Blitz3D Forums/Blitz3D Beginners Area/How to read an entire file into a string variable?

Cybersed(Posted 2003) [#1]
Hi,
I'm just beginning to code with Blitz+ and, as my first project, I would like to open a MS Publisher file and extract some text out of it. Since I don't have the details of the .PUB file format, I plan to search within the file for a certain string which is always at the beginning of the text section I want to grab. For this, the INSTR command would be great, but:

1-How to put the entire file into a string variable without reading it byte by byte, which would be too slow
2- Is a 200K binary file too big to fit in a string?

Thnx in advance


GfK(Posted 2003) [#2]
You'd be better off loading the file into a bank.


jhocking(Posted 2003) [#3]
Instead of reading the entire file into a single string you should read the file in a line at a time, using the same string variable every time, and check that line until you encounter the text you are looking for.

Or use a bank like GFK suggests. I should really learn how to use banks for data; I haven't done much file i/o other than ReadLine/WriteLine.

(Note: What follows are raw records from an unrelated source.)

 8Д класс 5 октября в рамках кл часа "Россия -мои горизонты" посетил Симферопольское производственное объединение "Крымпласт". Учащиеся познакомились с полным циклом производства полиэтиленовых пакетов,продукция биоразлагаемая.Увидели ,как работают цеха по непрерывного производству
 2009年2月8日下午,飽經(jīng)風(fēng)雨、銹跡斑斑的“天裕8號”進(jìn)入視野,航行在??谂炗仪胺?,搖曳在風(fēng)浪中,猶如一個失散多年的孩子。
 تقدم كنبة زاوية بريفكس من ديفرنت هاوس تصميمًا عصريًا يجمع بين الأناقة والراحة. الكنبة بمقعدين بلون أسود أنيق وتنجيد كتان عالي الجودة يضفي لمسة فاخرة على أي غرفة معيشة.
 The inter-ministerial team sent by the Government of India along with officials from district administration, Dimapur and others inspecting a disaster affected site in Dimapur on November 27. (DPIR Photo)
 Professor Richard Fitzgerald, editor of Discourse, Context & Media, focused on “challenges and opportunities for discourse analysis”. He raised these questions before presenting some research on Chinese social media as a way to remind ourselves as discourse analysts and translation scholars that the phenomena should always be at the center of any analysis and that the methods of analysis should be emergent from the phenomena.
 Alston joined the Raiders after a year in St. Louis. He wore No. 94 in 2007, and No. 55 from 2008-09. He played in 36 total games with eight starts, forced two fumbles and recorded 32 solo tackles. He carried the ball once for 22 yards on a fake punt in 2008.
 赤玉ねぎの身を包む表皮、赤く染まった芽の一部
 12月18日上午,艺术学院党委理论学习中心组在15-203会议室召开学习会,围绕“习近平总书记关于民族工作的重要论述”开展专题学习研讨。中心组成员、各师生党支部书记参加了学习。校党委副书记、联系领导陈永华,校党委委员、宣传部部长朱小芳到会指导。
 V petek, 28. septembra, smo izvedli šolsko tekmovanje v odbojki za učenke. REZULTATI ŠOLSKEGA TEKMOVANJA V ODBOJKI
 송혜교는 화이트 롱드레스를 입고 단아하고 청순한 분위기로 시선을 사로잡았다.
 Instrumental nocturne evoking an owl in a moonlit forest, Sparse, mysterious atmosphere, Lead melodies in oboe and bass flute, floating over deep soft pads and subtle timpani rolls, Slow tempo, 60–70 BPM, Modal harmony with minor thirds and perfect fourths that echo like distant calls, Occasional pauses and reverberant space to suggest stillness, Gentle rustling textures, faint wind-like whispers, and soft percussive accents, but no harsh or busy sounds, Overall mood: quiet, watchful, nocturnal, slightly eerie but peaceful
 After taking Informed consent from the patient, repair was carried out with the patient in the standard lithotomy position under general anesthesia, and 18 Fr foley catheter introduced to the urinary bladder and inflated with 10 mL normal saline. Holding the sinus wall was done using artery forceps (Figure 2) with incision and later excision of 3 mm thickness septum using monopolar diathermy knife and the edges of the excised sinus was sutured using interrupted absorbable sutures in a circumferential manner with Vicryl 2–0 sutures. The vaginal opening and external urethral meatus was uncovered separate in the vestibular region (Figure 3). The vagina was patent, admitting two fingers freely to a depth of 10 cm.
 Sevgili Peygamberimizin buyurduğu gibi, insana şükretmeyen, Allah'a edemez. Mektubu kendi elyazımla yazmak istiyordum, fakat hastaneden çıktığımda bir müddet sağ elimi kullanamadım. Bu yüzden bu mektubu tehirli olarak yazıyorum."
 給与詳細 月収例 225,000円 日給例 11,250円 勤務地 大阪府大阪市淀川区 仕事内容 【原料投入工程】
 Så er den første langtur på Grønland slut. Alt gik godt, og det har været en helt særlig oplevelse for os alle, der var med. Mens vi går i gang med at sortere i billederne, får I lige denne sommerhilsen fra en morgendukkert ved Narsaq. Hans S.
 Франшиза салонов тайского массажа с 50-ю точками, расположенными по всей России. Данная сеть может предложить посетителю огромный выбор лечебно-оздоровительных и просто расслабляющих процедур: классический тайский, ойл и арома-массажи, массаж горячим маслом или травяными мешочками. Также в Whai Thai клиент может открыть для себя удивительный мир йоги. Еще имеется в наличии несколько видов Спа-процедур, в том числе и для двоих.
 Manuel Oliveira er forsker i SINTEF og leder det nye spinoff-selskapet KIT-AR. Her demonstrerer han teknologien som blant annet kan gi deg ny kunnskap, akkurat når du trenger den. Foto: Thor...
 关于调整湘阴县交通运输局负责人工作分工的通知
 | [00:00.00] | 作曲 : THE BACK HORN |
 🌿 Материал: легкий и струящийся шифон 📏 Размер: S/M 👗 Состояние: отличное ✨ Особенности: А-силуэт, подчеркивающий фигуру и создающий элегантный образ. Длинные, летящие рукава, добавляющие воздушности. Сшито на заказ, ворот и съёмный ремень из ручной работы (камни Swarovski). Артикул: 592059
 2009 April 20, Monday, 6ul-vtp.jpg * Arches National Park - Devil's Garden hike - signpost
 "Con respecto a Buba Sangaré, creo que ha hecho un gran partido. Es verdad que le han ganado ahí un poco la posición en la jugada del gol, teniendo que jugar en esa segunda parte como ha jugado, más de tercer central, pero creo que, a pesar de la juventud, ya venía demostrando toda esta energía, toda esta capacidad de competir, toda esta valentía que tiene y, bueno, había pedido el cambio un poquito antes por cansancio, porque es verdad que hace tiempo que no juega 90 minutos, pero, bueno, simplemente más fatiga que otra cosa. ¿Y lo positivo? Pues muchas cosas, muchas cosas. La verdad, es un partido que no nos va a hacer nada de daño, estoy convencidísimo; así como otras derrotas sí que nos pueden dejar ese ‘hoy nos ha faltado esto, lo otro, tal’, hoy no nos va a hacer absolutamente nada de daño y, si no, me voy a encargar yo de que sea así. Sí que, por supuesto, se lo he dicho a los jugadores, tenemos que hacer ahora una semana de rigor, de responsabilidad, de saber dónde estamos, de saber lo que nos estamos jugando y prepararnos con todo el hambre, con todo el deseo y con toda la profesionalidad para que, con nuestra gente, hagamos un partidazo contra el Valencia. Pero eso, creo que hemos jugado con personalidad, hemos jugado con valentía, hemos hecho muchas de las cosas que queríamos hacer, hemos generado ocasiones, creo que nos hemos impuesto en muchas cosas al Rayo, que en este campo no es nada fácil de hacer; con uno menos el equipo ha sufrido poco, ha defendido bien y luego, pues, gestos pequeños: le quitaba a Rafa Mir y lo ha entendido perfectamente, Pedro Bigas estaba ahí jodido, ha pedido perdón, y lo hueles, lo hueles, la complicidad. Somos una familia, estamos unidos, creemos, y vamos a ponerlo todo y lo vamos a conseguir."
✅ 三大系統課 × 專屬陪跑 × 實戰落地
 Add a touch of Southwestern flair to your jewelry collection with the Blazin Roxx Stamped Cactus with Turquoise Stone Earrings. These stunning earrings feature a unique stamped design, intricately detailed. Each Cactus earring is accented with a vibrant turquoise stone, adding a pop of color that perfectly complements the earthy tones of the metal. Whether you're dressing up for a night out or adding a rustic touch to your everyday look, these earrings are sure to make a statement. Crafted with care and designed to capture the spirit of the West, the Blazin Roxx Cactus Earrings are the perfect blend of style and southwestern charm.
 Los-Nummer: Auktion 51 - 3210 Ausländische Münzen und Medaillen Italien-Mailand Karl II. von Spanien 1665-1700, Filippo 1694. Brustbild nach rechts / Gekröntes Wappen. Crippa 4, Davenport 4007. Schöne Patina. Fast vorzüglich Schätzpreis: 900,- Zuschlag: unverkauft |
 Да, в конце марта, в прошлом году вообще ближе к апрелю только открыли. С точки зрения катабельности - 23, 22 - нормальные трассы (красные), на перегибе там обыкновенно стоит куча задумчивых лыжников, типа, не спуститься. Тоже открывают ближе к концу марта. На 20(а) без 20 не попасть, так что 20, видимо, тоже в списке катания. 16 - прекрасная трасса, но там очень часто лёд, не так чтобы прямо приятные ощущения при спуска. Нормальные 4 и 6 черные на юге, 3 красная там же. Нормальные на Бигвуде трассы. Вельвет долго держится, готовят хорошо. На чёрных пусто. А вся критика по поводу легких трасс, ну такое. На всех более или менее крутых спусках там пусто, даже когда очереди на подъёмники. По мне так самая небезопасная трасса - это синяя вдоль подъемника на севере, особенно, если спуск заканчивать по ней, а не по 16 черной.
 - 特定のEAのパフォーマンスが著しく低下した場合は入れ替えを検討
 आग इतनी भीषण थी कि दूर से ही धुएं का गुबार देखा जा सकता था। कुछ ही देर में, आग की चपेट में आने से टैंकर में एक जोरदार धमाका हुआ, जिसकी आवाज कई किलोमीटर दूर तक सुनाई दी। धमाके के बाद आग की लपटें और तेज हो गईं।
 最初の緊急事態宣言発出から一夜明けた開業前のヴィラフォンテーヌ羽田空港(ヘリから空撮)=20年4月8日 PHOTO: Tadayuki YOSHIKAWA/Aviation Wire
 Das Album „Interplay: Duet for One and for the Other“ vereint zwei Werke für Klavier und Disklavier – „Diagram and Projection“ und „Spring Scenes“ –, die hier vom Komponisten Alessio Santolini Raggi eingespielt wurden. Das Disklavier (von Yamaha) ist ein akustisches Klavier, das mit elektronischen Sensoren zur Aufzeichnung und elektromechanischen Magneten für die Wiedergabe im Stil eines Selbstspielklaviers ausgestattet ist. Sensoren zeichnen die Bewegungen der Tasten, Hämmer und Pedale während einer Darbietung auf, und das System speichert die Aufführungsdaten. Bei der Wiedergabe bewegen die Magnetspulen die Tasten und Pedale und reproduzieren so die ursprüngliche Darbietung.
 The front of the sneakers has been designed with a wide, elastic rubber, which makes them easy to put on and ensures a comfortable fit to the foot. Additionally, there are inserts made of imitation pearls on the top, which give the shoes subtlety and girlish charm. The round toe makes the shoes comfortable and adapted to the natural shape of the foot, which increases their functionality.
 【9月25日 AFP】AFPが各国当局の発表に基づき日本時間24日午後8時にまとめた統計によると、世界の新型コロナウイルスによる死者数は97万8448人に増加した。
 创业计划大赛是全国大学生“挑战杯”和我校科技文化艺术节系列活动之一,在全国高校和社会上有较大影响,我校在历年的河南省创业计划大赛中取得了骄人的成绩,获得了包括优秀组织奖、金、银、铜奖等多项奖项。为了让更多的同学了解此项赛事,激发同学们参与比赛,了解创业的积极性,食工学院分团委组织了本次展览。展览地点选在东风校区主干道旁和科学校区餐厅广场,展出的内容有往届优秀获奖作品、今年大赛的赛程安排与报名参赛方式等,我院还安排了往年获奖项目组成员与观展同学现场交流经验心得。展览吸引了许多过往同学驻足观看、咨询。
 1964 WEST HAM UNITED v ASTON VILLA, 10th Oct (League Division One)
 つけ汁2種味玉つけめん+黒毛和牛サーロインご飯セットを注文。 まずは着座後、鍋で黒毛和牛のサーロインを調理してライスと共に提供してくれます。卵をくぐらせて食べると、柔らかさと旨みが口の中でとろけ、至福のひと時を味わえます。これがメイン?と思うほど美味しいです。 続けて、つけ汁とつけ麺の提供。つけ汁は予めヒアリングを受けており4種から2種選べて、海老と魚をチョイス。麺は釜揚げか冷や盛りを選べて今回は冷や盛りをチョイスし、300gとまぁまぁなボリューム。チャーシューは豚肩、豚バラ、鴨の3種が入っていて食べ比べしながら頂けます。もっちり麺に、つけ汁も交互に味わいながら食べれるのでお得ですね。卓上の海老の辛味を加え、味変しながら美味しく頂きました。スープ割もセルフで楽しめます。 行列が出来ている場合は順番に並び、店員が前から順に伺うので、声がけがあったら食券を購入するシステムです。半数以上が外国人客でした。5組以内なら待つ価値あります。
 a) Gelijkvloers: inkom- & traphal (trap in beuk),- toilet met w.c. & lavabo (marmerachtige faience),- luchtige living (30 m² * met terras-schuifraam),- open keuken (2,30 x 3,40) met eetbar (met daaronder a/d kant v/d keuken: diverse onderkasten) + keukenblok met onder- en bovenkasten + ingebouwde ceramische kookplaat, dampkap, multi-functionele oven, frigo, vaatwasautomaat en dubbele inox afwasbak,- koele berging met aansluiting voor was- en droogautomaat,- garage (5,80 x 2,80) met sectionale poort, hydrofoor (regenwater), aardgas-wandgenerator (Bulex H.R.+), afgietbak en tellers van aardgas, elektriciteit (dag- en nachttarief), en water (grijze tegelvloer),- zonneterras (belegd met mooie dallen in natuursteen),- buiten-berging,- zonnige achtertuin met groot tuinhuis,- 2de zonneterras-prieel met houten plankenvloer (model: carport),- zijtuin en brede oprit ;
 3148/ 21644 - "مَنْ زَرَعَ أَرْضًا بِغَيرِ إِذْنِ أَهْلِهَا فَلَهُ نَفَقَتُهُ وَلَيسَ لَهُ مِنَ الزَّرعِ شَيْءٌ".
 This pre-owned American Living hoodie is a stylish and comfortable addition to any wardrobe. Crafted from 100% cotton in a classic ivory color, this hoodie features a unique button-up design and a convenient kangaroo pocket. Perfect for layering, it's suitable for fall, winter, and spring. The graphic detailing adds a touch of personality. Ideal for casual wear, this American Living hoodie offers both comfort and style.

Cybersed(Posted 2003) [#4]
Is there a way to do a fast search on the content of a bank to retrieve a specific byte sequence? It needs to be fast since I have hundreds of these files, they are all about 180-200K in size. Only one file will be loaded at a time. That's why I was counting on INSTR to do the search. But, since the bank is in memory, that may be fast enough. I'll go do some more tests.


GfK(Posted 2003) [#5]
Try this:

Bank = LoadFileToBank("Filename.txt")
Result = FindTextInBank("some text",Bank)
If Result = 0
	Notify "String not found!"
Else
	Notify "Result found at offset " + Result
EndIf

Function LoadFileToBank(Filename$)
	FILE = ReadFile(Filename)
	BankID = CreateBank(FileSize(Filename))
	ReadBytes BankID,FILE,0,BankSize(BankID)
	CloseFile FILE
	Return BankID
End Function

Function FindTextInBank(Txt$,BankID,Start = 0)
	Ptr = Start
	Repeat
		T$ = Chr$(PeekByte(BankID,Ptr))
		If T$ = Left$(Txt$,1)
			For N = 1 To Len(Txt$)-1
				T$ = T$ + Chr$(PeekByte(BankID,Ptr+N))
				If T$ = Txt$ Then Exit
			Next	
		EndIf
		Ptr = Ptr + 1
	Until Ptr >= BankSize(BankID) Or T$ = Txt$
	If T$ = Txt$
		Return Ptr
	Else
		Return False
	EndIf
End Function
It works. Don't know how fast it is with big files though...

[EDIT] Just did a test on a 170k file - took ~4s to find a text string right near the end of the file.

I haven't really used banks before - there's probably a way of optimising this so that it works in a fraction of the time it currently takes.

[EDIT 2] Try it with debug off! Same test as above takes about 0.3s. :))


Floyd(Posted 2003) [#6]
Here's a trick that just occurred to me.

WriteString writes an integer, the length of the string, followed by the string data.
ReadString reads this back into a Blitz string.

So you could use Blitz to build a new file consisting of an integer ( the length of the original file ) followed by the original file.

Then use ReadString on this new file.


Cybersed(Posted 2003) [#7]
Wow! Plenty of good ideas for me to work on...

At 0.3s, it will be more than fast enough. I may also try Floyd's idea in a slightly modified way: to overwrite the first 4 bytes in the file to make an integer that will be equal the length of the remaining bytes of the files and then read it as a string. That should work as I don't need those first 4 bytes anyway. I should work on a copy of a the file, though, which may slows down things a bit.

Thanks alot, guys.


Difference(Posted 2003) [#8]
You guys should check the codearchives...

http://www.blitzbasic.com/codearcs/codearcs.php?code=685

and

http://www.blitzbasic.com/codearcs/codearcs.php?code=687